--- Instructions for the task ---
Under this line sits a listing. Repeat exactly and only its lines from the one holding "VK-2066 Trade Show" through the one holding "瓶裝片劑膠囊罐裝生產線-鈣片理瓶灌裝封口貼標生產線"; skip pictures.

--- Data for the task ---
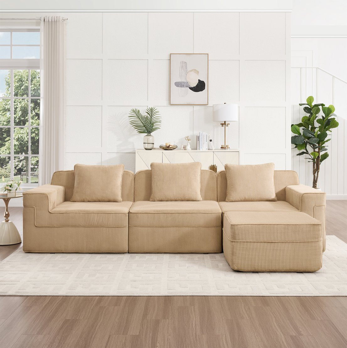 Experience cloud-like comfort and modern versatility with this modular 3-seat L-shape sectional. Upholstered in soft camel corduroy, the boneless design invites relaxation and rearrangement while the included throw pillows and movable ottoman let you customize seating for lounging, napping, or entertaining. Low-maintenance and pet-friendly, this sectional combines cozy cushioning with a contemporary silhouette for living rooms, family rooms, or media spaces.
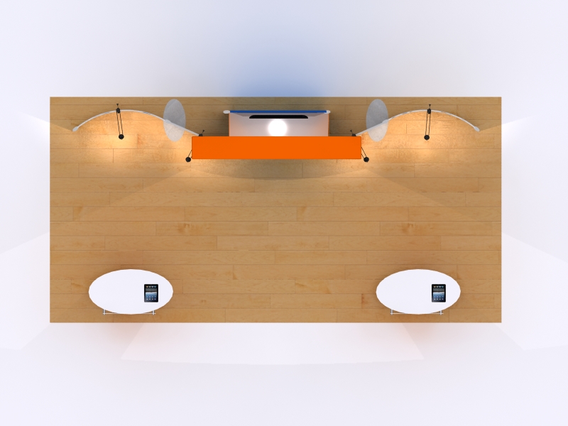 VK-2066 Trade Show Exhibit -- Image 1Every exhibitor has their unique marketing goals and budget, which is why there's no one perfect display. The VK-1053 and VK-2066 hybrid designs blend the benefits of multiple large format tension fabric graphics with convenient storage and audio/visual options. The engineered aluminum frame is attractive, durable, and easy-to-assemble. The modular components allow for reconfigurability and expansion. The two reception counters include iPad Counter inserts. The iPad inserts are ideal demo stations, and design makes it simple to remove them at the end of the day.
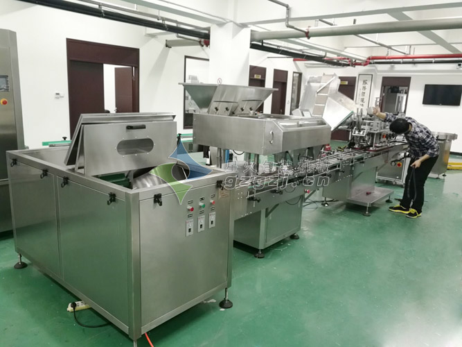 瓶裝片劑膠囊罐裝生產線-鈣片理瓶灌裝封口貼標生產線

* * *

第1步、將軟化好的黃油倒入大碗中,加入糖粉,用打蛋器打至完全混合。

--- Written solution ---
 VK-2066 Trade Show Exhibit -- Image 1Every exhibitor has their unique marketing goals and budget, which is why there's no one perfect display. The VK-1053 and VK-2066 hybrid designs blend the benefits of multiple large format tension fabric graphics with convenient storage and audio/visual options. The engineered aluminum frame is attractive, durable, and easy-to-assemble. The modular components allow for reconfigurability and expansion. The two reception counters include iPad Counter inserts. The iPad inserts are ideal demo stations, and design makes it simple to remove them at the end of the day.
 瓶裝片劑膠囊罐裝生產線-鈣片理瓶灌裝封口貼標生產線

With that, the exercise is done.